De fato, a influência do Poder Moderador era tal, que o Imperador tinha a possibilidade de intervir nos demais Poderes, “[...] ficando quimérica a possibilidade de que o verdadeiro constituinte de 1824 fosse atribuir a órgão ou Poder outro a competência para controlar a constitucionalidade das leis” (PALU, 2001, p. 121).

Ademais, não caberia ao juiz interpretar as leis, mas tão somente aplicá-las. Assim sendo, a interpretação da lei, bem como a sua elaboração, revogação e as formas de suspensão, estariam restrita ao próprio Poder Legislativo, necessitando, ainda, da sanção do Imperador, uma vez que, por determinação constitucional, era atribuído a Assembleia Geral “velar na guarda da Constituição e promover o bem geral da Nação15”, conforme assevera o art. 15, incisos VIII e IX da referida Carta Imperial.

De acordo com essa linha de pensamento, o ilustre José Antônio Pimenta Bueno, em seu escrito Direito Público Brasileiro e Análise da Constituição do Império, leciona o seguinte:

Só o poder que faz a lei é o único competente para declarar por via de autoridade ou por disposição geral obrigatória o pensamento, o preceito dela.
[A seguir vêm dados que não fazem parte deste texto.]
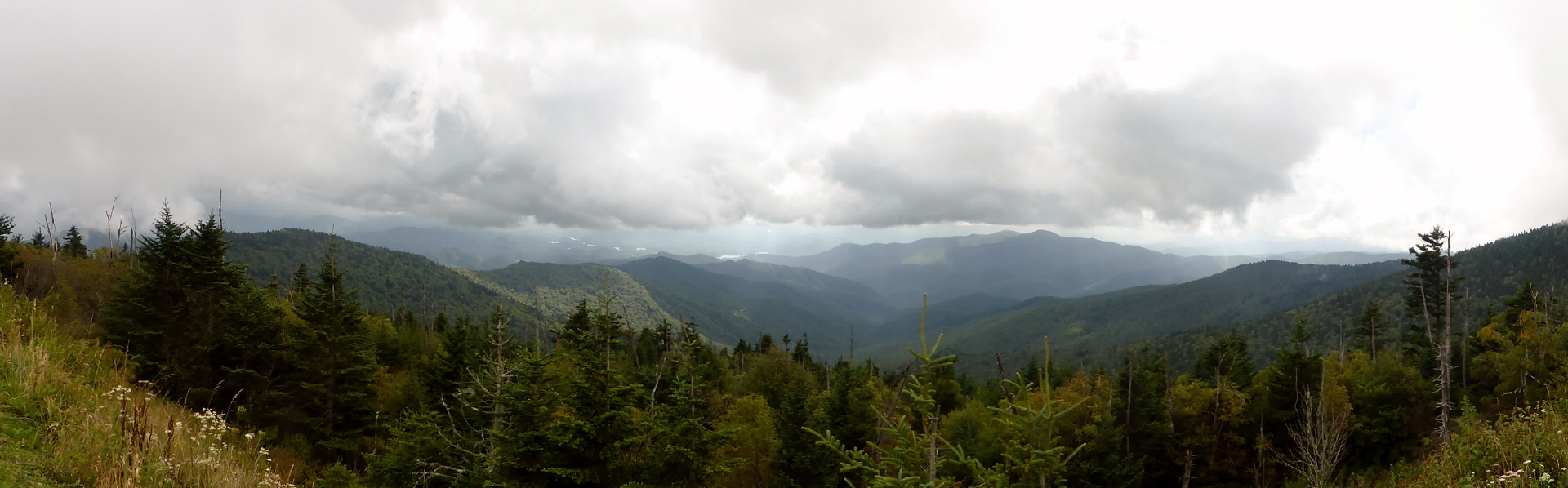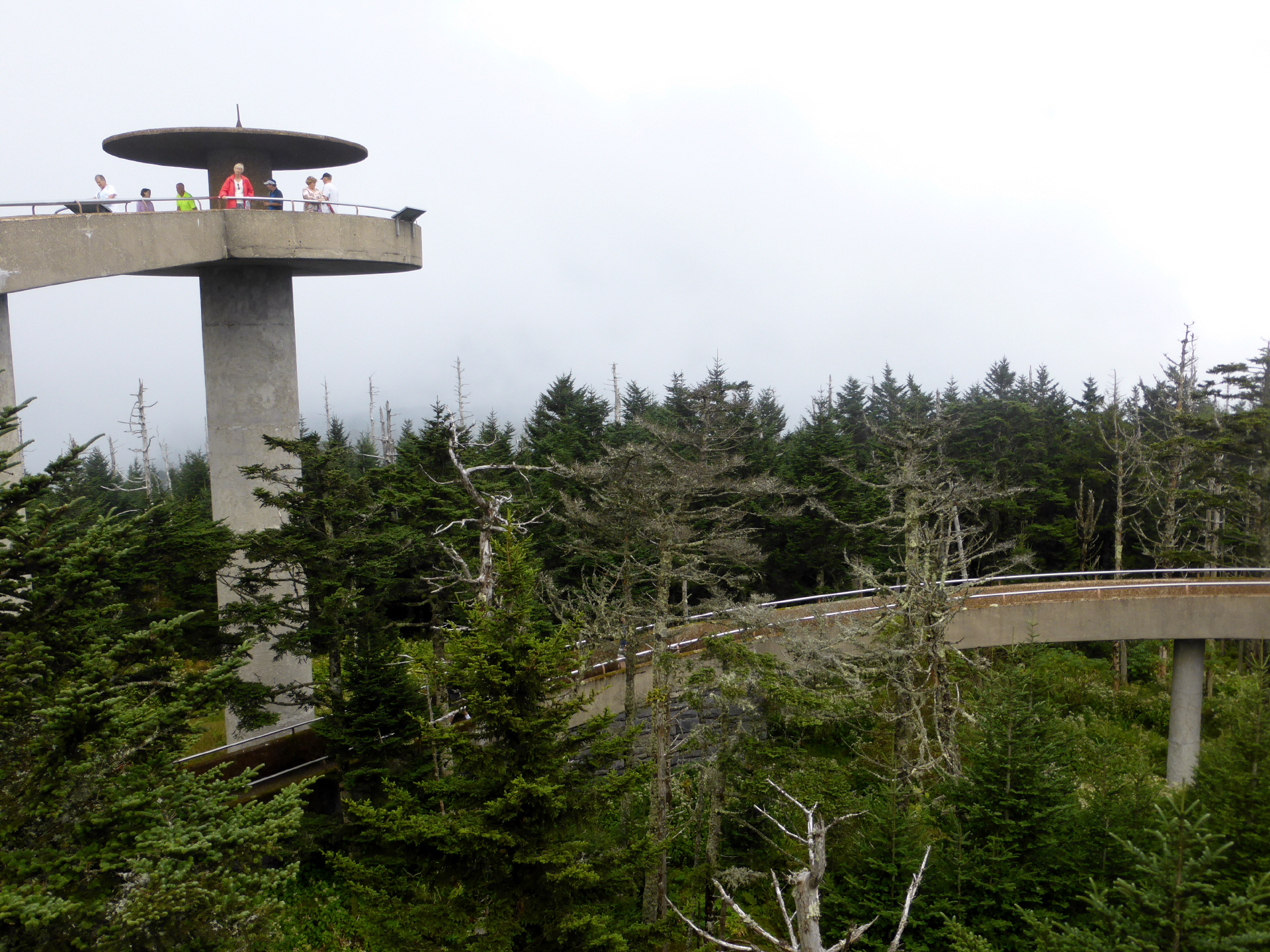 Great Smoky Mountain, wie es das Wort sagt: rauchende, blaue Berge. Das Wetter spielt nicht mit. Überall hängen tiefe Wolken und es regnet teilweise stark. Auf der Aussichtsplattform lauern wir auf freie Sicht.

Só ele e exclusivamente ele é quem tem o direito de interpretar o seu próprio ato, suas próprias vistas, sua vontade e seus fins. Nenhum outro poder tem o direito de interpretar por igual modo, já porque nenhuma lei lhe deu essa faculdade, já porque seria absurda a que lhe desse. (BUENO, 1978, p. 69)

Nesse caso, nota-se que o controle de constitucionalidade das leis no Brasil Império era exercido pelo Poder Legislativo, embora sem contemplar um sistema que guardasse qualquer semelhança com os modelos atuais de controle.

1.3.2 O controle de constitucionalidade na Constituição 1891 – Federação

Adota, a Constituição de 24 de fevereiro de 1891, sob a inspiração de Rui Barbosa, o modelo norte-americano de controle (difuso e incidental), abandonando assim o padrão francês de organização política.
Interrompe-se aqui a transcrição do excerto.